Au fil du temps, les activités et les investissements dans le secteur public ne répondent pas aux attentes du marchés ni des objectifs des prévisionnels financiers. En décroissance permanente, plusieurs groupes publics industriels butent sur le terrain pour de multiples raisons : manque de matière première, de main d’œuvre qualifiée et surtout de financement. Les rares entreprises publiques qui n’ont pas été privatisées à l’instar de l’Eniem sont devenues budgétivores et affichent un déséquilibre croissant dans ses comptes. Après les efforts réalisés par les pouvoirs publics pour venir en aide à l’Eniem afin de promouvoir sa stabilité financière et sauver son activité, le constat semble plus inquiétant. Il s’avère que cette entreprise qui collectionne depuis des années les problèmes à tous les niveaux n’a aucune stratégie de recherche en vue d’évaluer les avantages et inconvénients de son plan de restructuration.
Une politique qui lui permet, surtout, de mettre l’accent sur les avantages et les inconvénients de chaque expérience en soulignant les points négatifs à restructurer afin de redynamiser son activité, dans un marché quasiment vierge après l’instauration des licences d’importation.

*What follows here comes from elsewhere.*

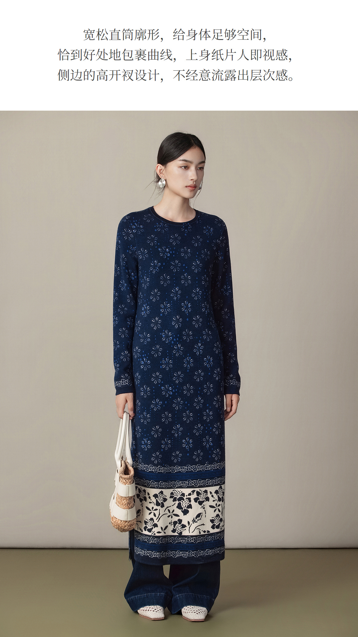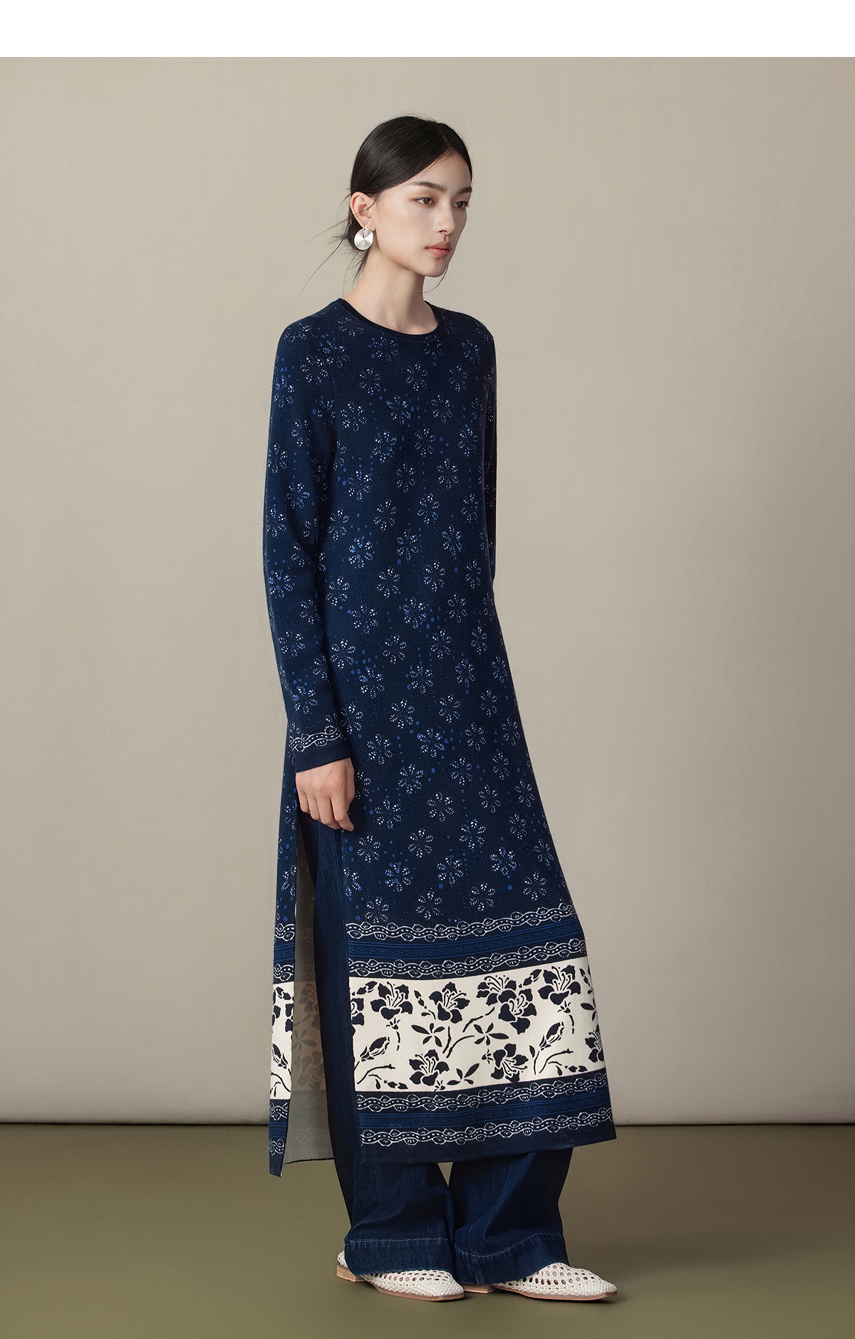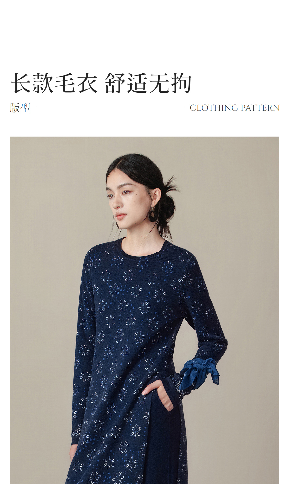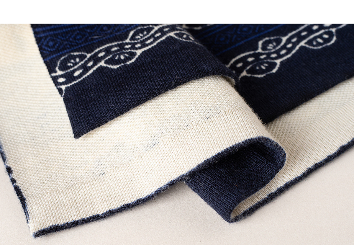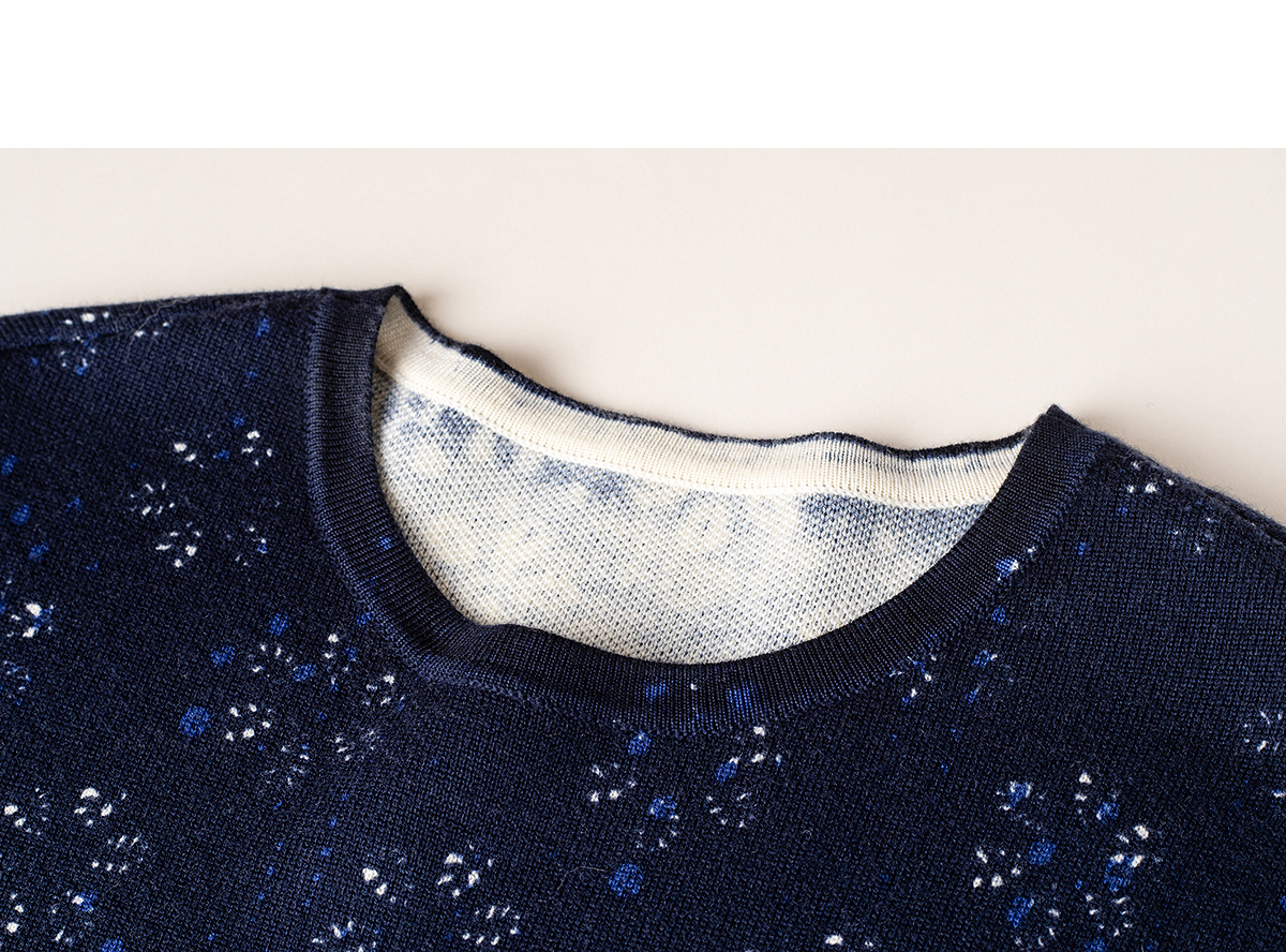 【林栖设计小店】(现货)美丽诺绵羊毛织上衣传统蓝印花纹宽松2025秋冬新款毛衣女1954018

Par voie de conséquence, l’entreprise publique d’électroménager risque de subir les actions que décidera l’Etat suite aux résultats de l’enquête menée par le ministère de l’Industrie afin de tenter de découvrir les raisons du dysfonctionnement de l’entreprise avant de décider de les prendre en charge. Au premier d’entre les causes, l’Etat doit approuver le plan stratégique à l’entreprise et fixer de nouveaux objectifs.

Le P-dg de l’Eniem accuse la BEA de la déchéance de son entreprise
Le ministre de l’Industrie, Ferhat Ait Ali a estimé que «c’est illogique de soutenir une entreprise publique qui n’est pas rentable», remettant en question la gestion de l’Eniem qui n’arrive pas à s’en sortir, malgré le soutien de l’Etat qui a débloqué au mois de février dernier un crédit de 1,2 milliard de dinars pour permettre à l’entreprise après un mois d’inactivité de reprendre sa dynamique. Au bout de dix mois, l’Eniem plonge à nouveau et entre dans une période creuse et du chômage. Un mauvais élève qui n’apprend pas de ses erreurs ? Les jugements portés à la méthode de gestion de cette entreprise en déprime ont fait sortir son P-dg, Djillali Mouazer, de son silence.
Lors de son passage à la chaîne d’Ennahar, avant-hier, il a mis en cause la Banque extérieur d’Algérie (BEA) de précipiter la crise financière de l’Eniem car elle «n’avait accordé à son entreprise que six milliards de dinars de crédit à long et à court terme, alors que son administration a remis une garantie de 60 milliards de dinars à la banque». «La banque et l’État ne nous ont pas accordé un crédit.
Ils nous ont donné uniquement l’autorisation», a précisé M. Mouazer, expliquant que son entreprise subit d’importantes pressions depuis le mois de mai. «Nous avons des délais de paiement de 9 mois, on devait donc payer en mars 2021, mais la banque a commencé à nous débiter dès le mois de mai». Un cas ambiguë et complexe de cette entreprise publique relance le débat sur les intentions du gouvernement concernant leur gestion et leur sauvegarde.